Would you print the lines below exactly, beginning at the line that has "苹果储存周边大厂OWC,今天发布了一款顶级PCIe Gen 4" and stopping after the line that has "Elegant Floral Red"? Only those lines, and no pictures.

───── Provided records ─────

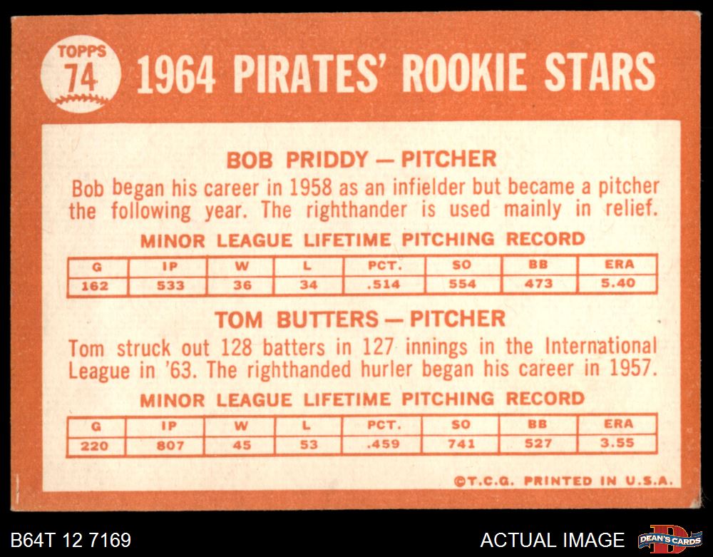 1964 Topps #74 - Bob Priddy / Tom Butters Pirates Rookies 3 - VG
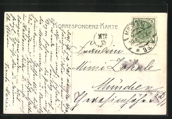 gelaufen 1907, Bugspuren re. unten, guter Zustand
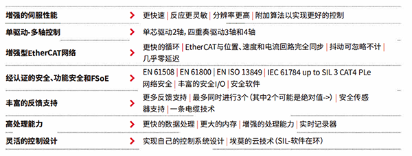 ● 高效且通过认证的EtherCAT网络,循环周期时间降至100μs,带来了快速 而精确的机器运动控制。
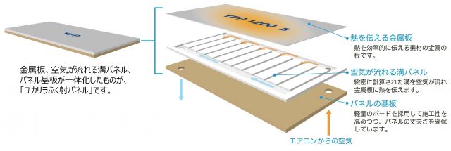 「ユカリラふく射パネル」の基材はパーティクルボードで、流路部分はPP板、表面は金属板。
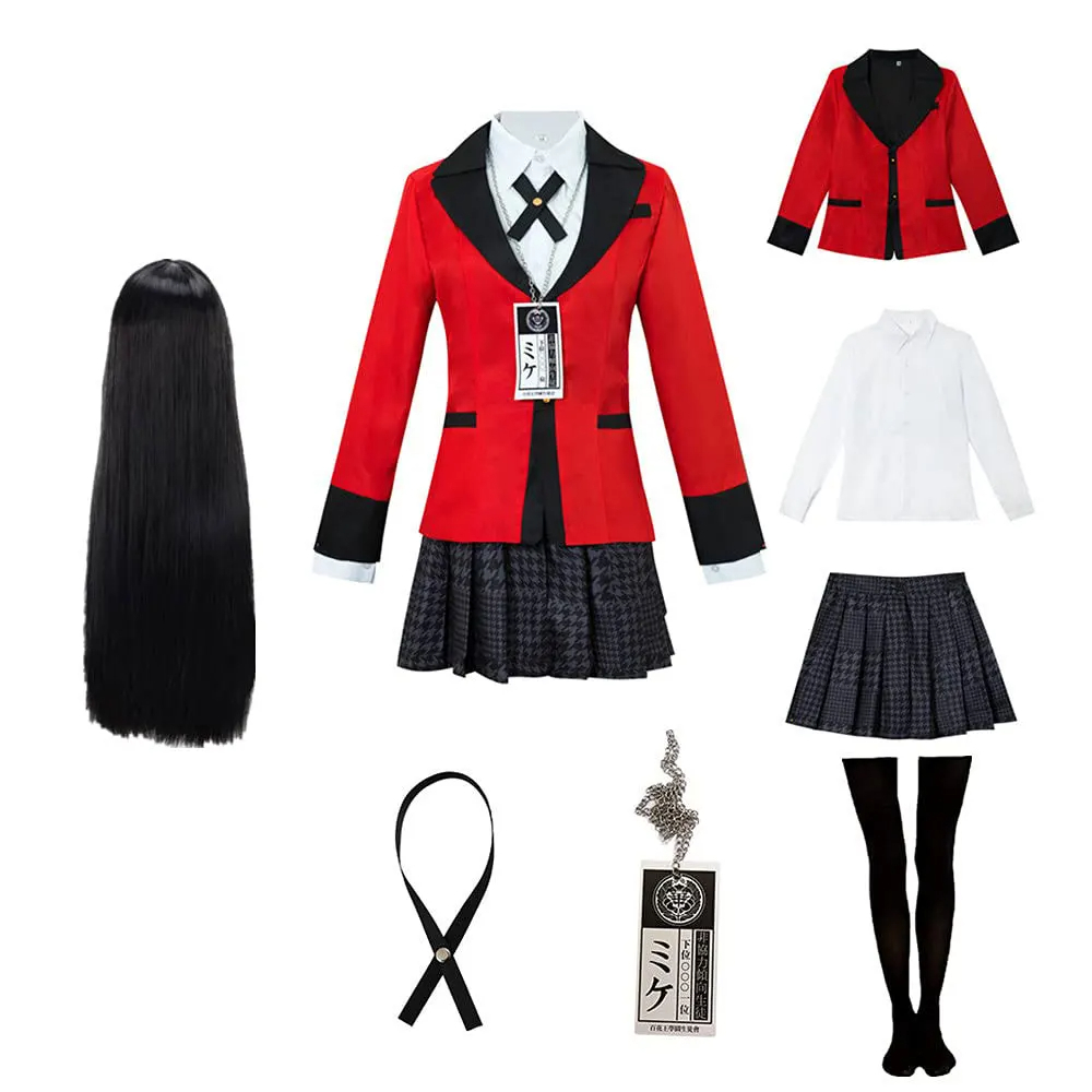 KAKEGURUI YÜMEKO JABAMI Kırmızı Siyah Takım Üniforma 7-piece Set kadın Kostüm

─────
───── Provided records ─────

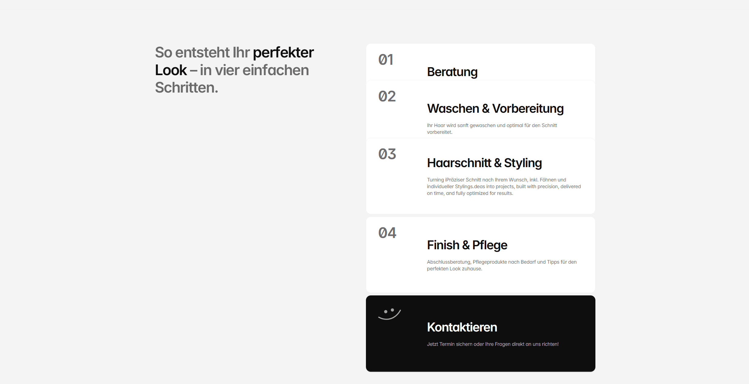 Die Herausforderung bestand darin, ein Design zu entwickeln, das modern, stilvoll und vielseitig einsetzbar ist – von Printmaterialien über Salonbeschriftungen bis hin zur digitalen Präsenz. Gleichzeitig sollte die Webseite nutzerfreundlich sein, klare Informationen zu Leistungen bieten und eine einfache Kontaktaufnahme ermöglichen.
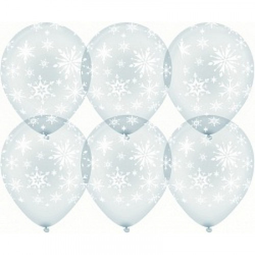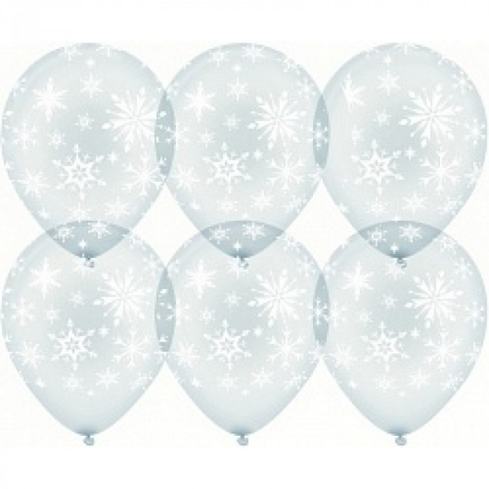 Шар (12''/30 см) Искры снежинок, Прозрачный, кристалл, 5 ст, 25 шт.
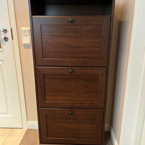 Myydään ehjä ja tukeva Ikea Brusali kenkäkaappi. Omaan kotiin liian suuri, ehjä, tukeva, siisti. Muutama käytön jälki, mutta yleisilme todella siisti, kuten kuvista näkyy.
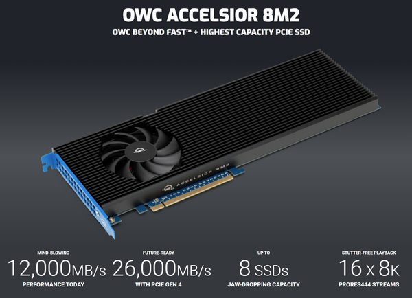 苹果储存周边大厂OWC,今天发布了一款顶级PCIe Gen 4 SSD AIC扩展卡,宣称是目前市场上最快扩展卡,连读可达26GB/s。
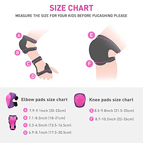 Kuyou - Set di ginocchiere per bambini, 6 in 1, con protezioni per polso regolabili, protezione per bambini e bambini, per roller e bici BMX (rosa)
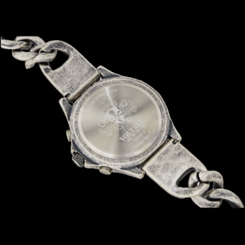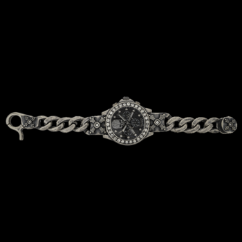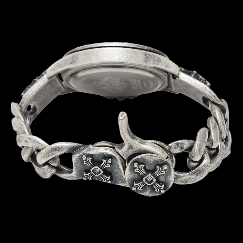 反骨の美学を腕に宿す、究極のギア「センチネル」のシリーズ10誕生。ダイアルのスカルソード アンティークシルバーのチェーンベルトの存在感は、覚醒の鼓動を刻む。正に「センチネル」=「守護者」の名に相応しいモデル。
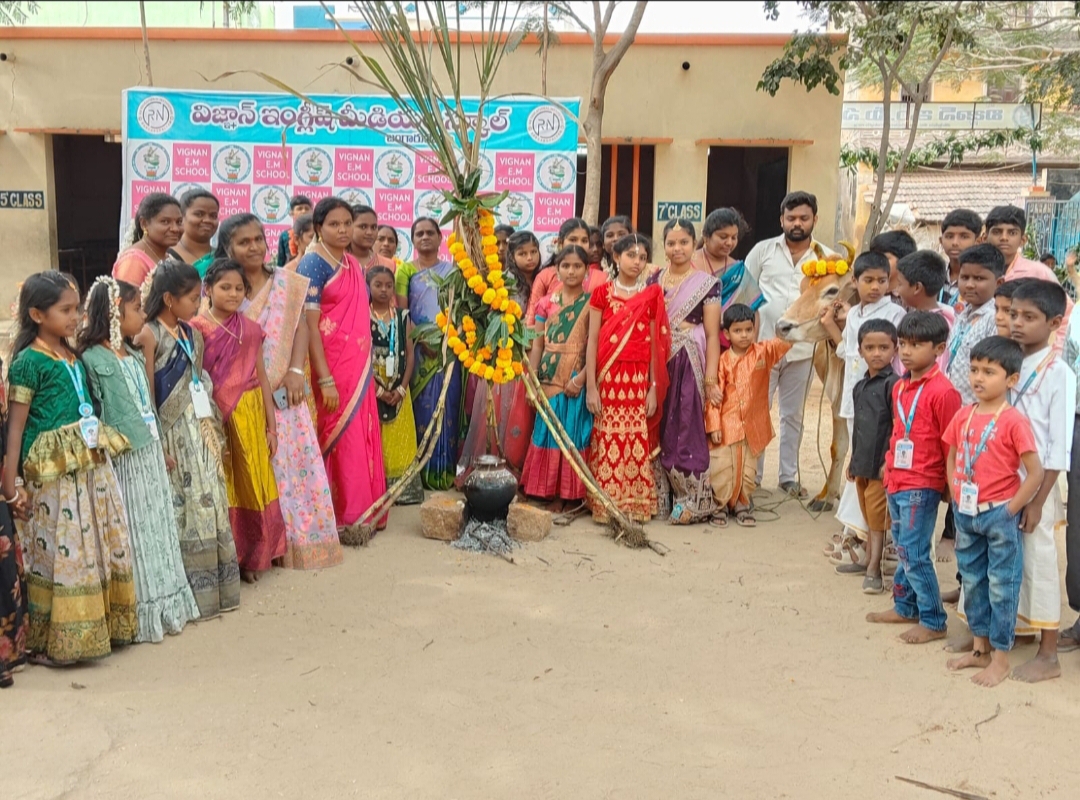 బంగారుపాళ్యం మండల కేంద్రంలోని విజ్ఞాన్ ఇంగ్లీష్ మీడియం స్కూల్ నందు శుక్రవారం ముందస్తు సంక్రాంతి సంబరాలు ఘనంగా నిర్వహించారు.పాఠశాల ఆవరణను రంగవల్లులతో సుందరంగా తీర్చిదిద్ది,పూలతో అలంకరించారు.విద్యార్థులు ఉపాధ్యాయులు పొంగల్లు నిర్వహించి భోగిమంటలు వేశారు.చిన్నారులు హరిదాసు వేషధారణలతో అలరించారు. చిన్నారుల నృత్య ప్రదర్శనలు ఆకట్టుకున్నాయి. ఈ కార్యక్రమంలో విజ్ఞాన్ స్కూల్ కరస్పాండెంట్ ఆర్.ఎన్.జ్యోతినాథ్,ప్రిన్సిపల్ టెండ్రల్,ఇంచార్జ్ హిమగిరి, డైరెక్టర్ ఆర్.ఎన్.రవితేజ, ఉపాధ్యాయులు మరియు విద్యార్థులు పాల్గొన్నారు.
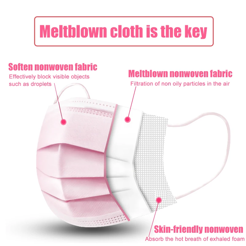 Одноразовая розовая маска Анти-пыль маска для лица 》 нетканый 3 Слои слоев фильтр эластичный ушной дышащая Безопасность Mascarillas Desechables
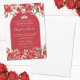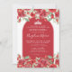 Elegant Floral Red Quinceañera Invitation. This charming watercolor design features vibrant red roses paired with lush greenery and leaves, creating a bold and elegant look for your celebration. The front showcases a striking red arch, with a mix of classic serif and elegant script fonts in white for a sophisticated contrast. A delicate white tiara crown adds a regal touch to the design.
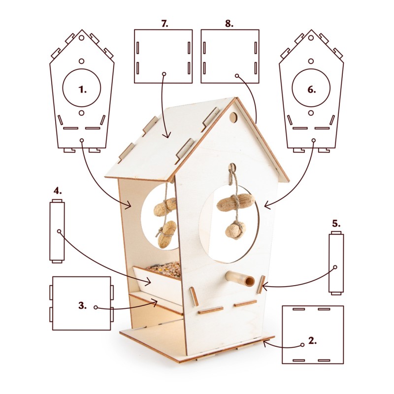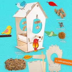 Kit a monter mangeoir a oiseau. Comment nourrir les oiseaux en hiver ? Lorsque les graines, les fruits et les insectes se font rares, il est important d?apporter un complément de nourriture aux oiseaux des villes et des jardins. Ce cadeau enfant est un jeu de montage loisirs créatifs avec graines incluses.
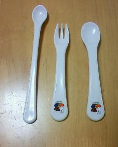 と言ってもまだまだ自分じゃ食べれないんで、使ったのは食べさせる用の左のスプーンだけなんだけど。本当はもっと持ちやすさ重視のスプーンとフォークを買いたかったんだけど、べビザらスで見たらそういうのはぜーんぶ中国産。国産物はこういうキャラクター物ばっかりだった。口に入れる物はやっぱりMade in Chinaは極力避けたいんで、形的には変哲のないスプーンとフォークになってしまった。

─────
───── Provided records ─────

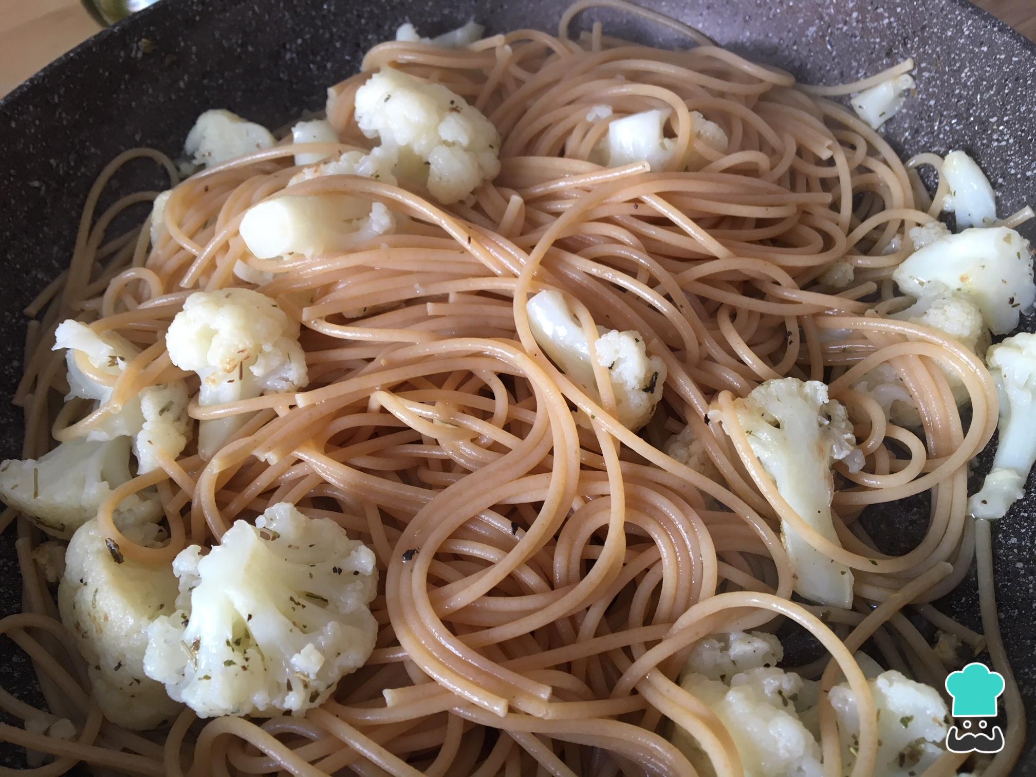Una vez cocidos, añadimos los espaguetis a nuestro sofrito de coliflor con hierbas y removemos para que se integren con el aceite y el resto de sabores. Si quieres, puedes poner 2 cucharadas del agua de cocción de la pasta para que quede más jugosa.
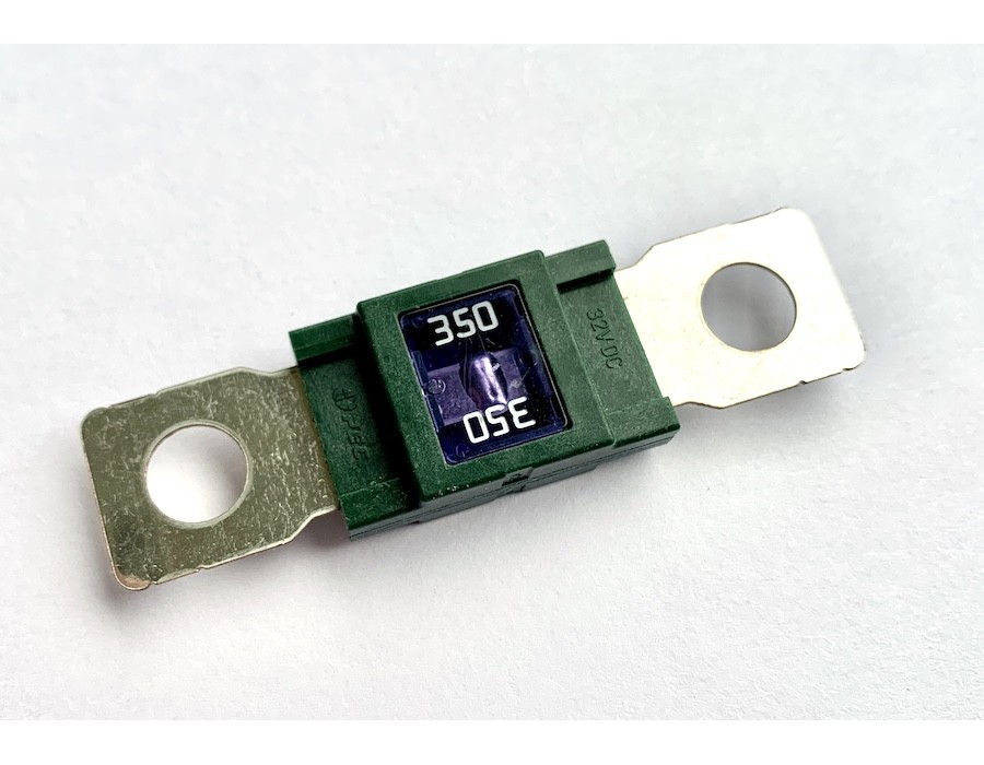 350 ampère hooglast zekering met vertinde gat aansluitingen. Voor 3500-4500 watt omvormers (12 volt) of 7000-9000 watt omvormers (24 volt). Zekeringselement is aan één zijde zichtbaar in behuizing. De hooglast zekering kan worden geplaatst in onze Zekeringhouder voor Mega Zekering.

─────

--- Written answer ---
 苹果储存周边大厂OWC,今天发布了一款顶级PCIe Gen 4 SSD AIC扩展卡,宣称是目前市场上最快扩展卡,连读可达26GB/s。
 Kuyou - Set di ginocchiere per bambini, 6 in 1, con protezioni per polso regolabili, protezione per bambini e bambini, per roller e bici BMX (rosa)
 反骨の美学を腕に宿す、究極のギア「センチネル」のシリーズ10誕生。ダイアルのスカルソード アンティークシルバーのチェーンベルトの存在感は、覚醒の鼓動を刻む。正に「センチネル」=「守護者」の名に相応しいモデル。
 బంగారుపాళ్యం మండల కేంద్రంలోని విజ్ఞాన్ ఇంగ్లీష్ మీడియం స్కూల్ నందు శుక్రవారం ముందస్తు సంక్రాంతి సంబరాలు ఘనంగా నిర్వహించారు.పాఠశాల ఆవరణను రంగవల్లులతో సుందరంగా తీర్చిదిద్ది,పూలతో అలంకరించారు.విద్యార్థులు ఉపాధ్యాయులు పొంగల్లు నిర్వహించి భోగిమంటలు వేశారు.చిన్నారులు హరిదాసు వేషధారణలతో అలరించారు. చిన్నారుల నృత్య ప్రదర్శనలు ఆకట్టుకున్నాయి. ఈ కార్యక్రమంలో విజ్ఞాన్ స్కూల్ కరస్పాండెంట్ ఆర్.ఎన్.జ్యోతినాథ్,ప్రిన్సిపల్ టెండ్రల్,ఇంచార్జ్ హిమగిరి, డైరెక్టర్ ఆర్.ఎన్.రవితేజ, ఉపాధ్యాయులు మరియు విద్యార్థులు పాల్గొన్నారు.
 Одноразовая розовая маска Анти-пыль маска для лица 》 нетканый 3 Слои слоев фильтр эластичный ушной дышащая Безопасность Mascarillas Desechables
 Elegant Floral Red Quinceañera Invitation. This charming watercolor design features vibrant red roses paired with lush greenery and leaves, creating a bold and elegant look for your celebration. The front showcases a striking red arch, with a mix of classic serif and elegant script fonts in white for a sophisticated contrast. A delicate white tiara crown adds a regal touch to the design.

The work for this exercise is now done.